As an alternative, the pressure sensors may also be arranged remote from the air springs in or on the respective valve block and connected at the outlet of the associated shutoff valve to the connection line. The advantages with such a centralized arrangement of the pressure sensors are the required short sensor lines, the lower assembly effort and the largely protected position of the pressure sensors and their electric plugs in respect of dirt and spray. However, this arrangement remote from the air springs has the disadvantage that the respective bellows pressure in the spring bellows of the adjacent air spring is detected in a distorted way by the pressure sensors, especially during the dynamic pressure changes during the opening and closing of the associated shutoff valve. A centralized arrangement of the pressure sensors in an air suspension system control block which, in addition to the control valves, also includes an electronic control unit is known from DE 195 46 324 C2, for example.
SUMMARY
Since accurate control of air admission and release to and from the spring bellows is not yet possible on the basis of the sensed air pressures, it is an underlying object of the disclosure to provide a sensor arrangement for an air suspension system of a vehicle of the configuration mentioned at the outset via which the bellows pressure in the spring bellows of the air springs can nevertheless be determined exactly.
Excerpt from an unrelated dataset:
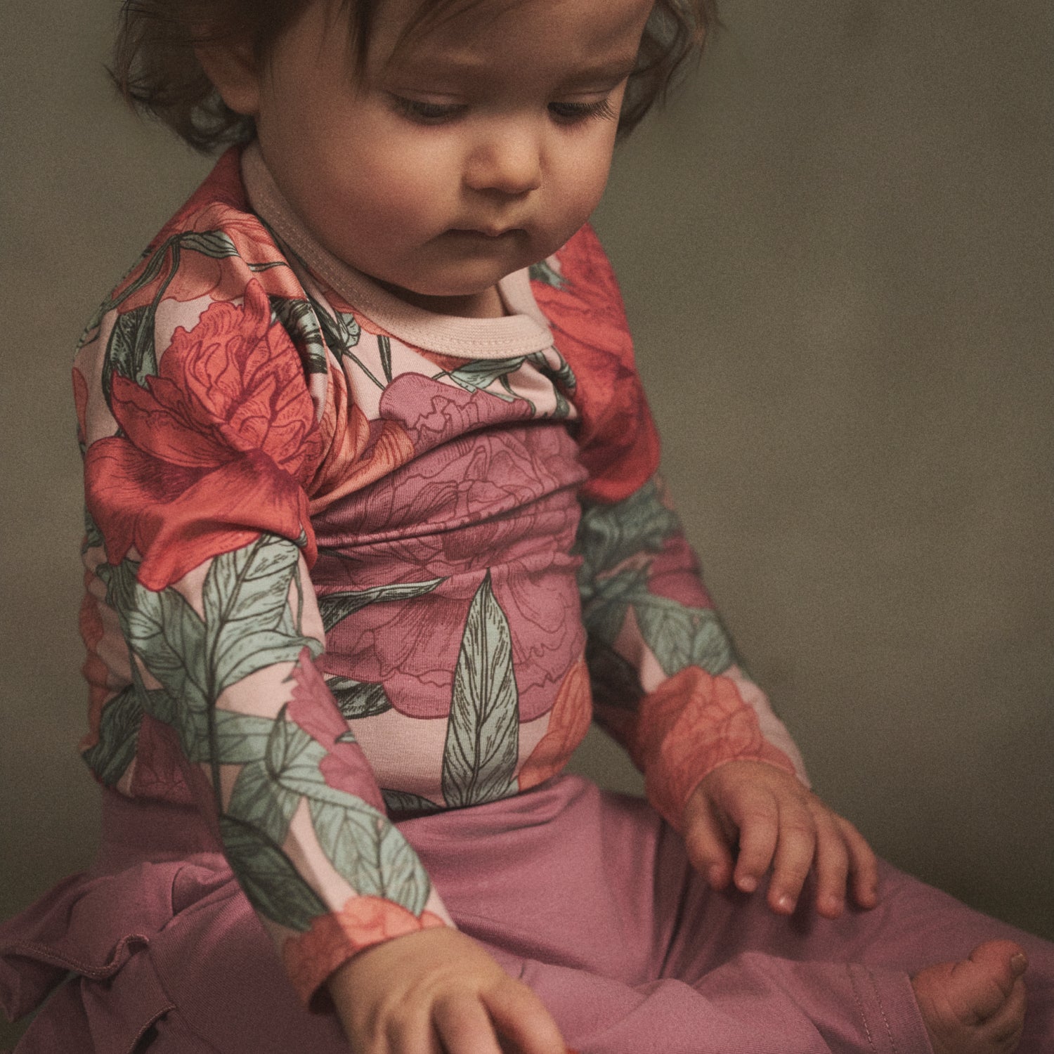 Mirabelis-kuosin runsaat ja rehevät pionit ottavat rohkeasti tilan ja kasvavat täyteen mittaansa. Murrettu värimaailma tekee kuosista rauhallisen kaikessa näyttävyydessään. Yksityiskohtainen viivajälki muistuttaa satujen maailmasta.

This object can, for example, be achieved by a sensor arrangement for an air suspension system of a vehicle, the vehicle having a vehicle axle with wheels or multiple, adjacent tandem axles defining two vehicle sides, the air suspension system having a changeover valve for air springs of the vehicle axle or multiple, adjacent tandem axles, the air suspension system further having a shutoff valve for the air spring of each vehicle wheel of the vehicle axle or for each air spring on each vehicle side of the multiple, adjacent tandem axles, the corresponding changeover valve and shutoff valves being structurally combined in a valve block arranged at a distance from the air springs, the sensor arrangement comprising: a plurality of pressure sensors, wherein each one of the plurality is provided for measuring a bellows pressure in one spring bellows of the air springs; the pressure sensors being arranged in or on the valve block; each of the plurality of pressure sensors being connected at an output of a corresponding one of the shutoff valves to a connection line of the spring bellows of the corresponding air spring or the spring bellows of the corresponding air springs; a plurality of filter arrangements acting as low-pass filters; and, each of the pressure sensors being connected to the connection line of the spring bellows of the corresponding air spring or of the spring bel-lows of the corresponding air springs via one of the plurality of filter arrangements.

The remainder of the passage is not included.